2.2 Viral macro-sequencing

After homogenization in PBS, samples were submitted to Shanghai Tanpu Biotechnology Co., Ltd (Shanghai, China) for viral metagenomic sequencing. Genomic DNA and RNA were extracted using the Viral DNA Kit (Solarbio, China, Cat. No. D3892 and Invitrogen, USA; Cat. No. 15596026) according to the manufacturer’s protocol. Genomic DNA was sheared into 300~500 bp fragments by Covaris M220 ultra-sonicator (peak incident power: 50 W, duty factor: 20%, cycles per burst: 200). RNA was fragmented in Mg²⁺-containing buffer (94°C, 5 min.) and reverse transcribed into cDNA using RT Easy™ II Kit (Foregene, China; Cat. No. RT-01022). DNA and cDNA libraries were prepared with the Illumina TruSeq Nano DNA/RNA Library Prep Kit and quantified via Qubit 4.0. Libraries were sequenced on an Illumina NovaSeq 6000 platform (PE150 mode), which generated approximately 20 Gb raw data per sample. Raw reads were filtered using Fastp v0.20.0 (with the following parameters: remove reads with Q-score < 20, length < 50 bp or adapter contamination), and reads that aligned to the bovine genome (ARS-UCD1.2) were removed using BBmap v38.51. Clean reads were then classified via Kraken2 v2.1.2 with the Standard Database and Bracken v2.6.2 estimated species abundance. Finally, raw viral metagenomic sequencing read archive were submitted to the National Center for Biotechnology Information (NCBI) Sequence Read Archive (SRA) repository under project number PRJNA1244845.

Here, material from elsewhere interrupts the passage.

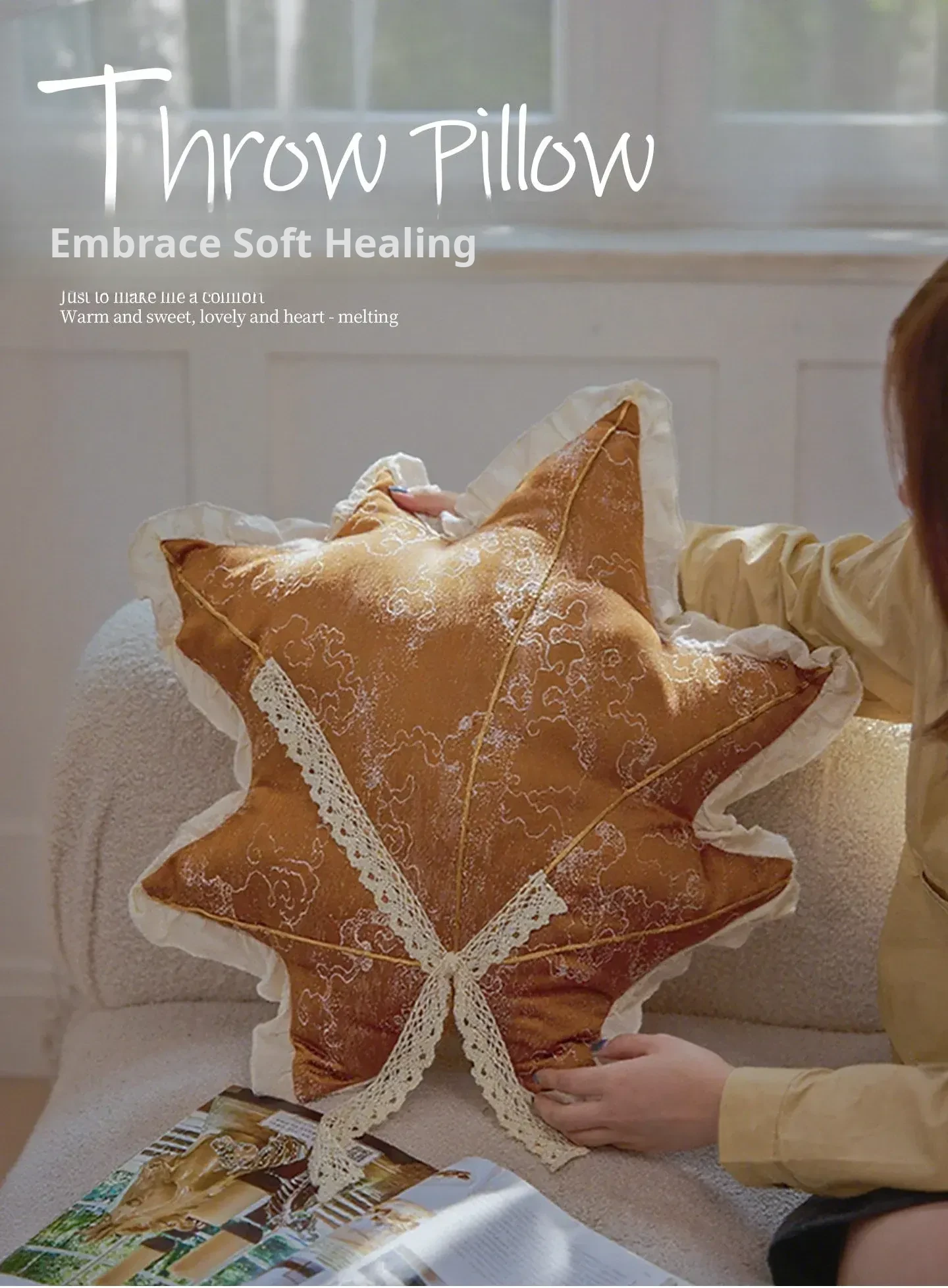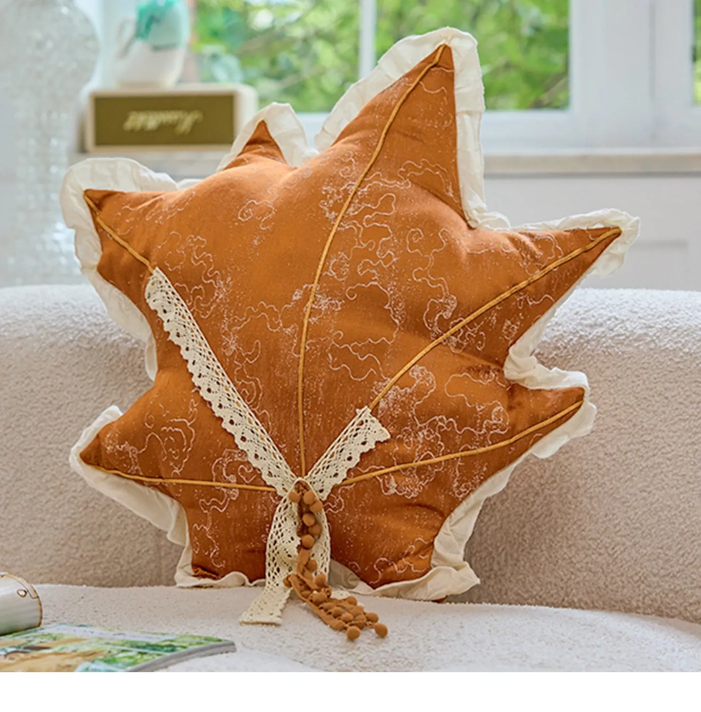 Luxurious American Brown Maple Leaf Shaped Pillow - Elegant Soft Fabric Cushions for Living Room Sofa Back Support and Bedroom Window Seat腰枕

2.3 Construction of BNeV, BVDV, BEV and BCoV standard plasmids

The nucleotide sequences of the RNA-dependent RNA polymerase (RdRp) gene of BNeV (GenBank accession no. MN607031.1), nucleocapsid (N) gene of BCoV(LC494175.1), 5’ untranslated region (5’UTR) of BVDV (AJ133738.1) and viral protein 1 (VP1) gene of BEV (D00214.1) were synthesized by Beijing Tsingke Biotechnology Co. Ltd. (China). Each target sequence was cloned into the pUC57 plasmid vector using EcoR I and Hind III restriction sites (Supplementary Figure 1S). The recombinant plasmids were transformed into Escherichia coli DH5α competent cells, purified using the Plasmid Mini Kit (Qiagen, Germany) and quantified via Qubit 4.0 Fluorometer (Thermo Fisher Scientific, USA). Sanger sequencing confirmed 100% identity to the reference sequences. Aliquots were stored at −20°C as quantification standards for downstream assays.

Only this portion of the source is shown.